▶ _Task prompt_
There are pictures in the records below; leave them out and set down exactly the lines from the one holding "Boletim Coronavírus de" through the one holding "This file photo".

(Source records)
# # # #

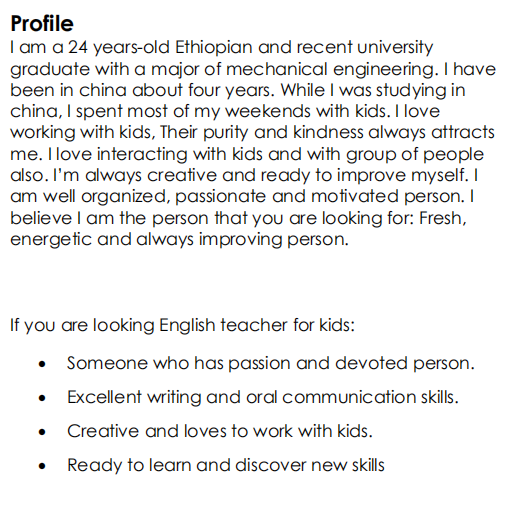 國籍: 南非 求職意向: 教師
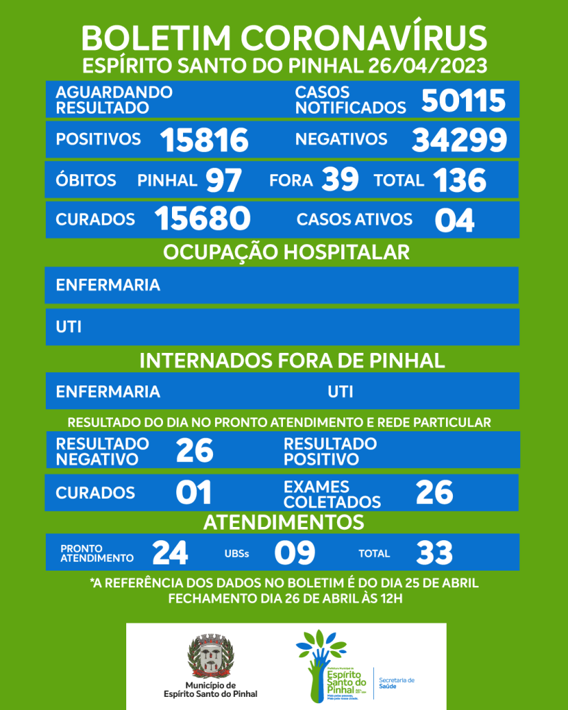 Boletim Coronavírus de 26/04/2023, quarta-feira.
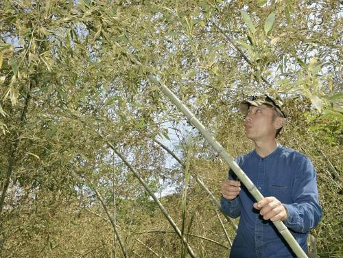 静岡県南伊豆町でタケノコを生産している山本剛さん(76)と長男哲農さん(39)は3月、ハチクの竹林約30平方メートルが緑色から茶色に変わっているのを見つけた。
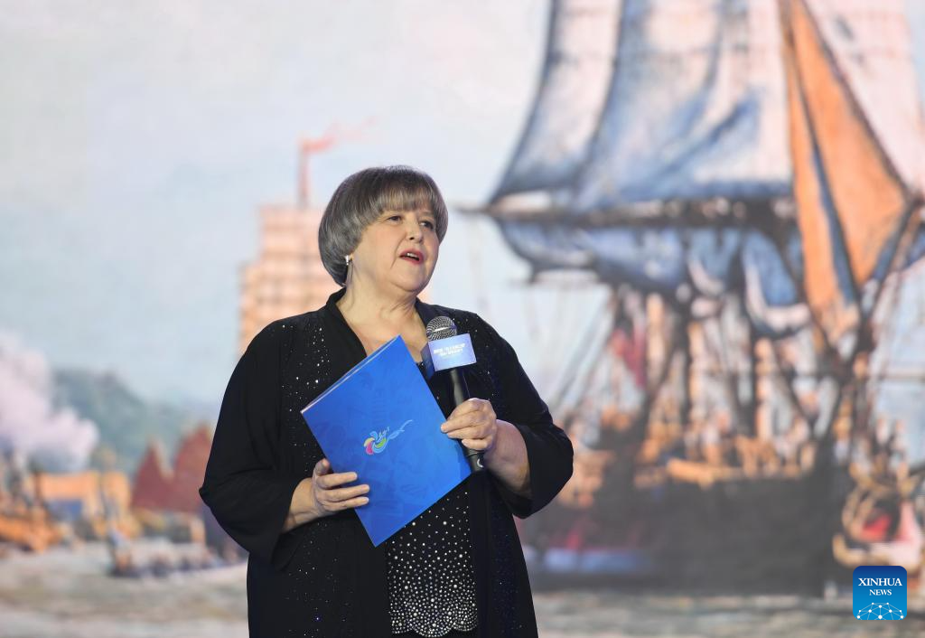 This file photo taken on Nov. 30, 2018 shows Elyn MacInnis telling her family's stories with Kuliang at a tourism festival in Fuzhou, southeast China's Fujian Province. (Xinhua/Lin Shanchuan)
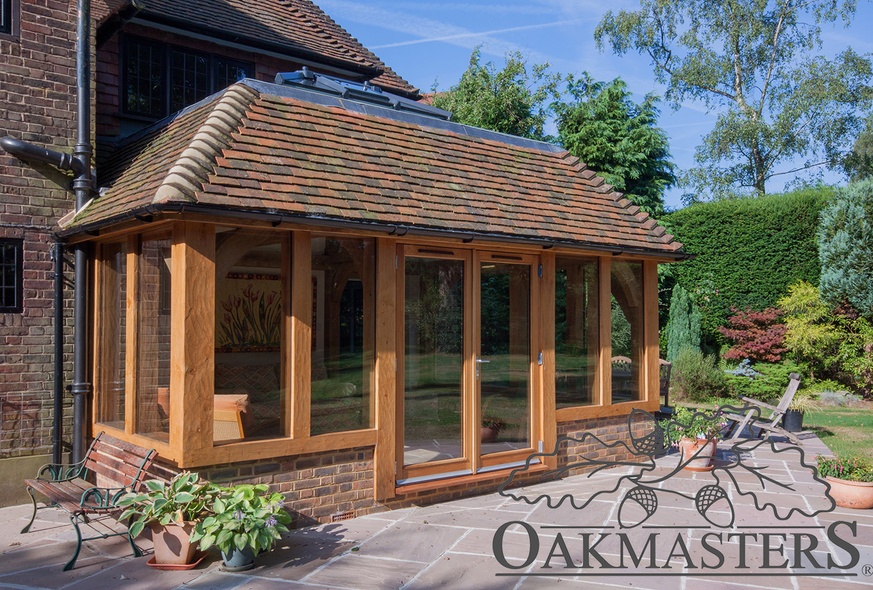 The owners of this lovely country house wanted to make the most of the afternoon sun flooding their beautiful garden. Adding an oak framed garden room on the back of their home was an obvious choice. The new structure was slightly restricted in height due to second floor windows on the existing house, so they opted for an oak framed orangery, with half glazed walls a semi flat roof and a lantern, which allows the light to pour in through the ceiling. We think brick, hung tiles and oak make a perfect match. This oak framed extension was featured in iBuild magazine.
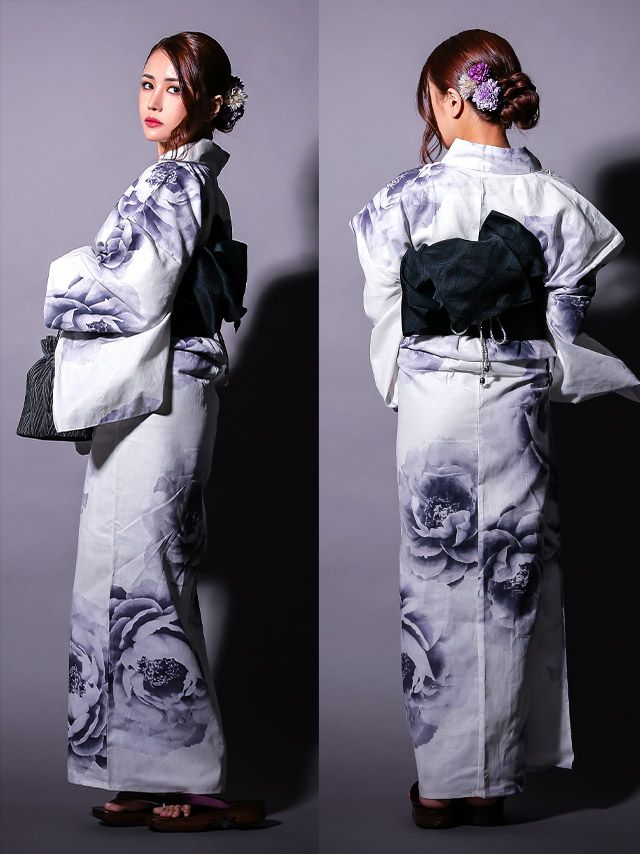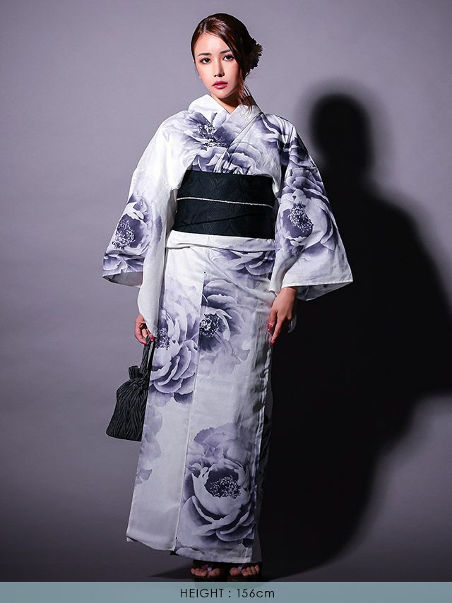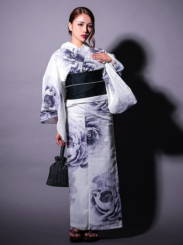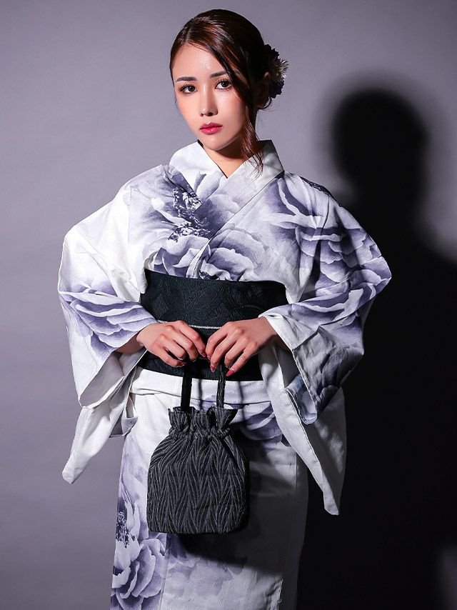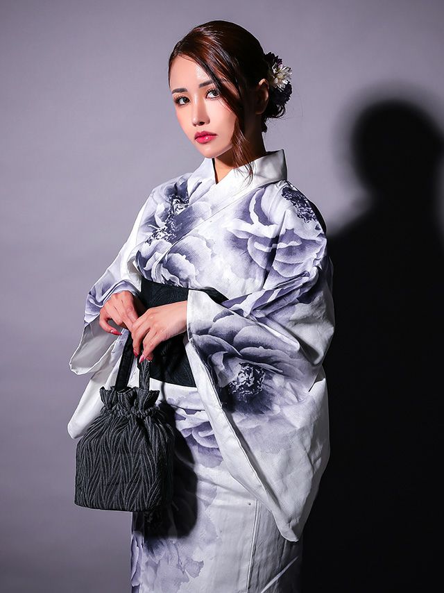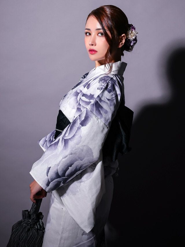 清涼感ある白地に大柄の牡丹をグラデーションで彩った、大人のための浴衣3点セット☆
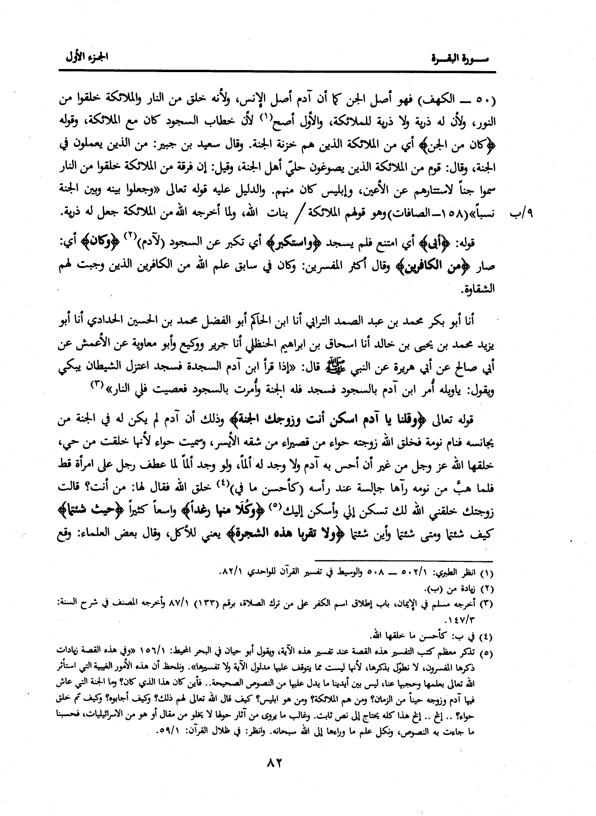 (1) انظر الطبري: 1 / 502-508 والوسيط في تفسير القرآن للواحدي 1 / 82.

# # # #

▶ _Answer_
 Boletim Coronavírus de 26/04/2023, quarta-feira.
 静岡県南伊豆町でタケノコを生産している山本剛さん(76)と長男哲農さん(39)は3月、ハチクの竹林約30平方メートルが緑色から茶色に変わっているのを見つけた。
 This file photo taken on Nov. 30, 2018 shows Elyn MacInnis telling her family's stories with Kuliang at a tourism festival in Fuzhou, southeast China's Fujian Province. (Xinhua/Lin Shanchuan)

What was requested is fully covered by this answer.